Je vous parle souvent de la Marie-Madeleine Bailly-Salins. C’est une cancouane de mes amies à la langue bien pendue et dont les idées définitives sont souvent frappées du coin du bon sens.
Je pense le moment venu de vous en faire profiter dans cette rubrique consacrée aux grands mots et petites phrases.

Quand nous disons : « la plus belle fille du monde ne peut donner que ce qu’elle a », la Marie-Madeleine explique plutôt : « Tiens ! Vois-moi la Marinette toute dégouaillée qu’est encore de drâler derrière le presbytère » …

Au proverbe « Ça n’est pas aux vieux singes qu’on apprend à faire la grimace » elle préfère : « savez, z’étiez encore pas né que j’aurais déjà pu être votre grand-mère si ç’avait voulu ».

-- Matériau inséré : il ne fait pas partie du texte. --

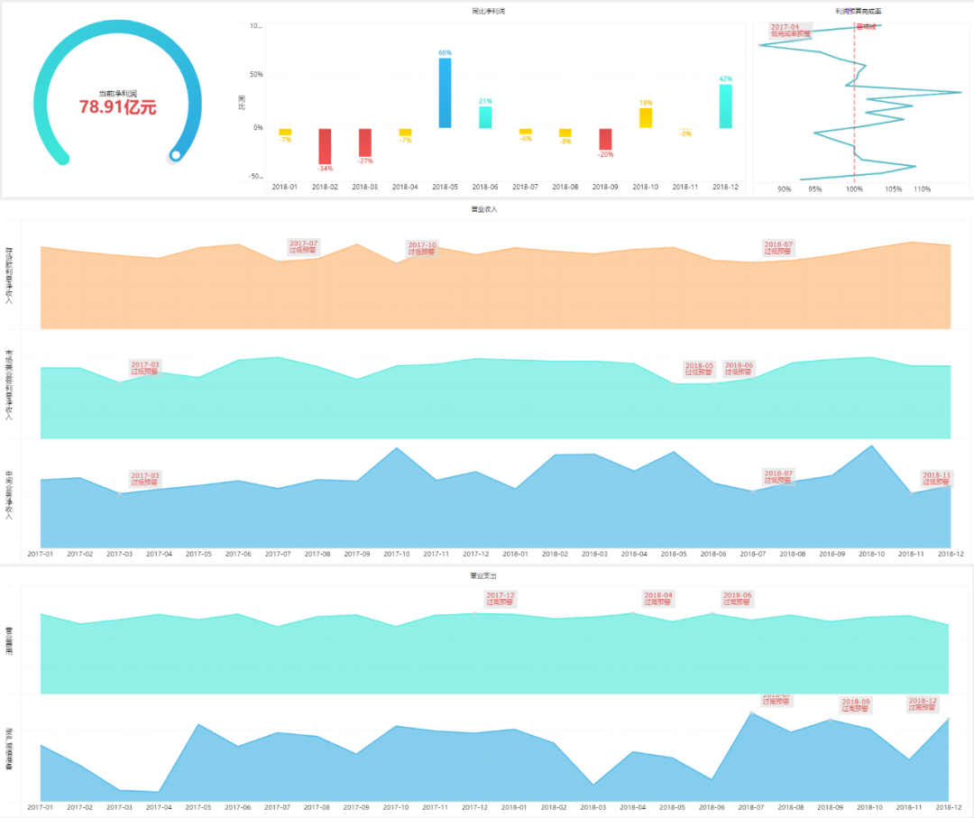 针对利润完成率设置警戒线,可以了解哪一段时间利润水平下滑,从而进一步探寻原因。 通过地图、折线图、KPI指标卡等组件,从地理等多个维度观察数据,辅助决策。
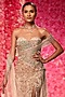 Dolly J features a mesmerizing Pale Yellow Gold Corset Gown that captivates with its elegance. The eye-catching piece is crafted in shimmer tulle with crystal and bead hand embroidery. Accessorize the designer gown with statement jewellery and heels for a sangeet or cocktail ceremony.
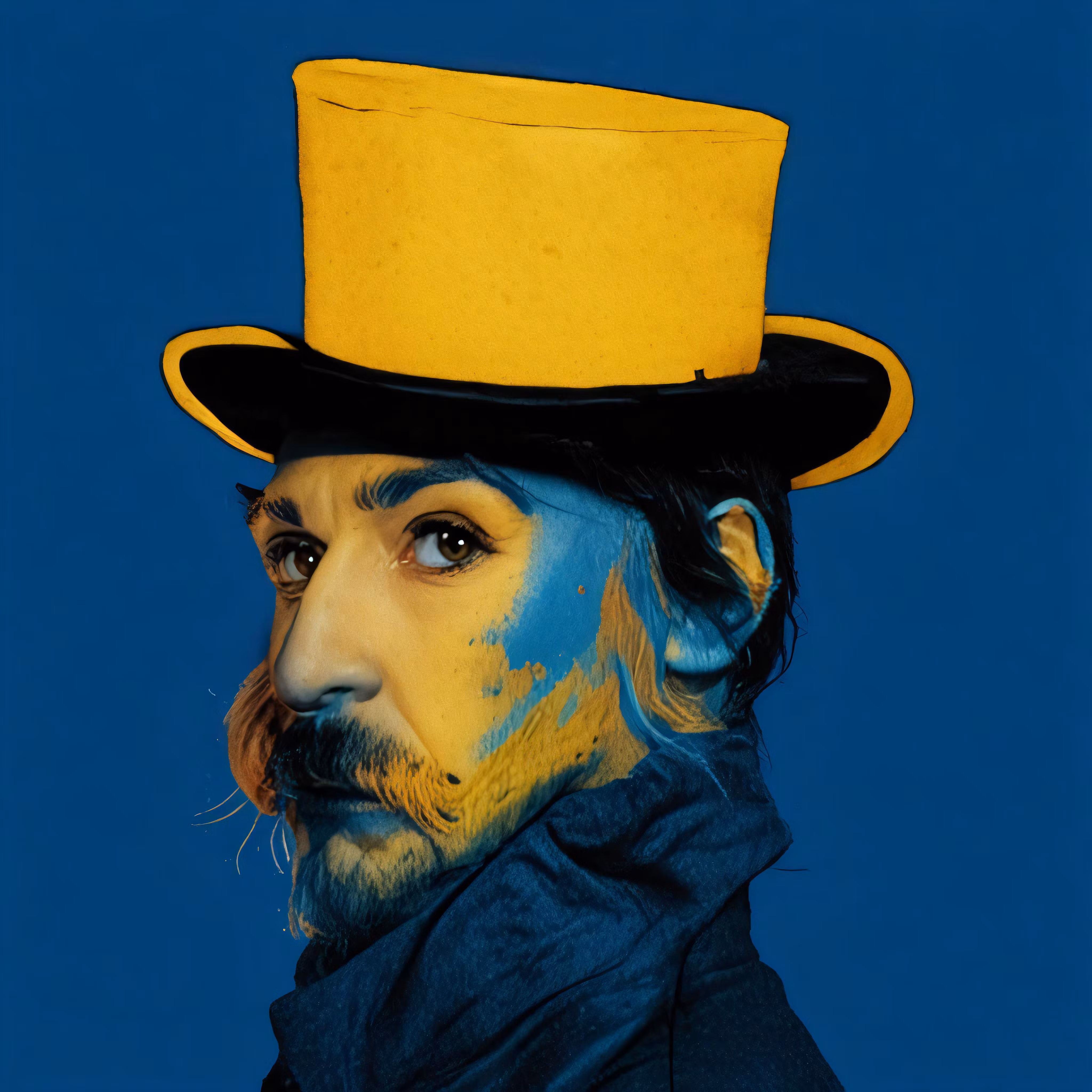 High resolution picture, free to use, the official logo for the 50 /a man wearing an odd hat and a very colorful coat

« La critique est aisée mais l’art est difficile ! », dites-vous.
Elle préfère : « Pousse toi voir un peu, pis donne un peu la main au lieu de te piller le nez en racontant des sottises ! »

« L’habit ne fait pas le moine… », devient chez elle :
« Vois le moi, ce traine-la-gaine tout débringuenaudé qui va encore à Vêpres gôné en tous les jours avec des rapponses plein sa biaude »

Elle dirait :
« La fille à l’Huguette elle sort du médecin. Elle attend qu’il lui a dit. Encore une qu’a fait Pâques avant les Rameaux. C’est quand même un monde ! De la paroisse, c’est la troisième de l’année à se retrouver avec un polichinelle dans le buffet et on est encore qu’à peine aux saints de glace. Ils auraient pu faire à la retirotte. C’est la moindre des choses ! Toute façon ç’en est une qu’y a rien à lui dire…

Je préfère dire comme George Sand :
Il n’y a qu’un bonheur dans la vie, c’est d’aimer et d’être aimé.
Ou comme Frédéric Dard : Si j’avais su que je l’aimais autant, je l’aurais aimée encore davantage.